クロス軍にとっては、防御に適した山岳地帯から、ダヴィ軍を引っ張り出せる利点がある。兵装・補給にしても、ダヴィ軍よりは断然優れている。平野では勝つ自信が多分にあった。
ダヴィ軍にとっても、教皇軍との共闘が見込めるため、平野での戦いは望むところだ。さらにクロス国の首都・ミラノスに近いことで、そのまま落とすことも可能となる。

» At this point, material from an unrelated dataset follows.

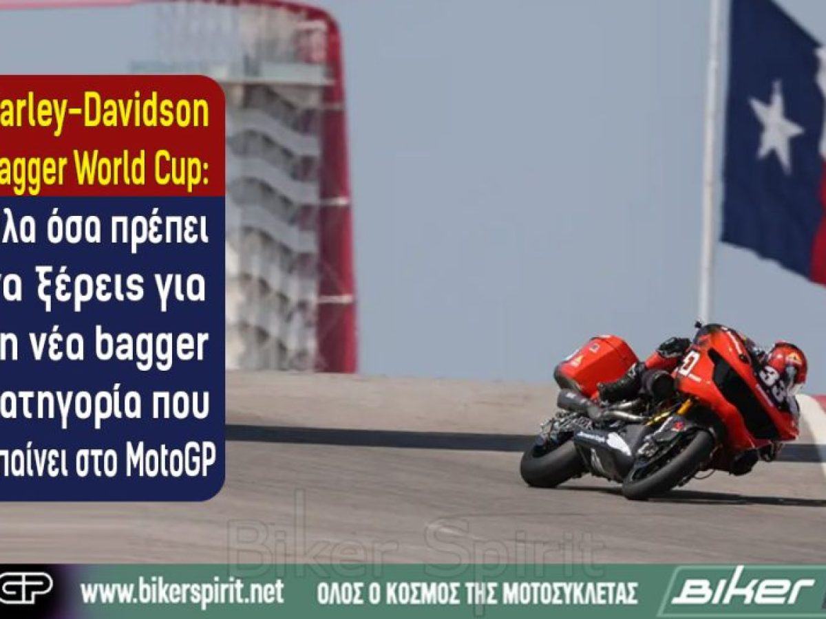 Η Harley-Davidson κάνει το μεγάλο βήμα από τα αμερικανικά πρωταθλήματα, οι bagger μοτοσυκλέτες περνούν στη διεθνή σκηνή ως επίσημη support κατηγορία του MotoGP. Το Harley-Davidson Bagger World CupΜιλάμε για αγώνες με βαριά, φουλ φέρινγκ cruiser που ξεπερνούν τους 200 ίππους, ένα θέαμα εντελώς διαφορετικό από ό,τι έχουμε συνηθίσει στο paddock. Η νέα one-make κατηγορία ακολουθεί τη φιλοσοφία του αμερικανικού King of the BaggersΣτην αγωνιστική της μορφή όμως:Η πρεμιέρα γίνεται στις 27 Μαρτίου στο Circuit of the Americas

いずれにしろ、この戦いで最後になることは、どちらの軍も覚悟していた。
「いよいよだ」
「ええ、そうですね」
ダヴィとジョムニが会話する。肌から熱を奪うようになった風が、彼らの黒髪を撫でた。
ミラノスの東部、南北に道が分かれる街道沿い。ダリアの花が片隅で咲く秋口、ダヴィ軍1万5千、クロス軍3万、そして教皇軍2万が
その陣の配置を見て、ダヴィは首を傾げる。
「教皇軍、遠すぎはしないか?」
ダヴィの指摘した通り、教皇軍だけが南に離れている。それは参戦するというよりは、にらみ合うダヴィ軍とクロス軍を監視しているように見える。
ダヴィは心配する。
「教皇軍は参陣しないとなると、兵力はこちらの方が劣っている。厳しい戦いになるぞ」
「ご安心ください。たとえそうなっても、クロス軍の士気は低く、戦勝を続けている我々が有利です」
「どうかな……」
追い詰められた時、生物は意外な力を発揮するものだ。自分たちで最後の決戦を選んだクロス軍が、この戦いにかける思いは相当なものだろう。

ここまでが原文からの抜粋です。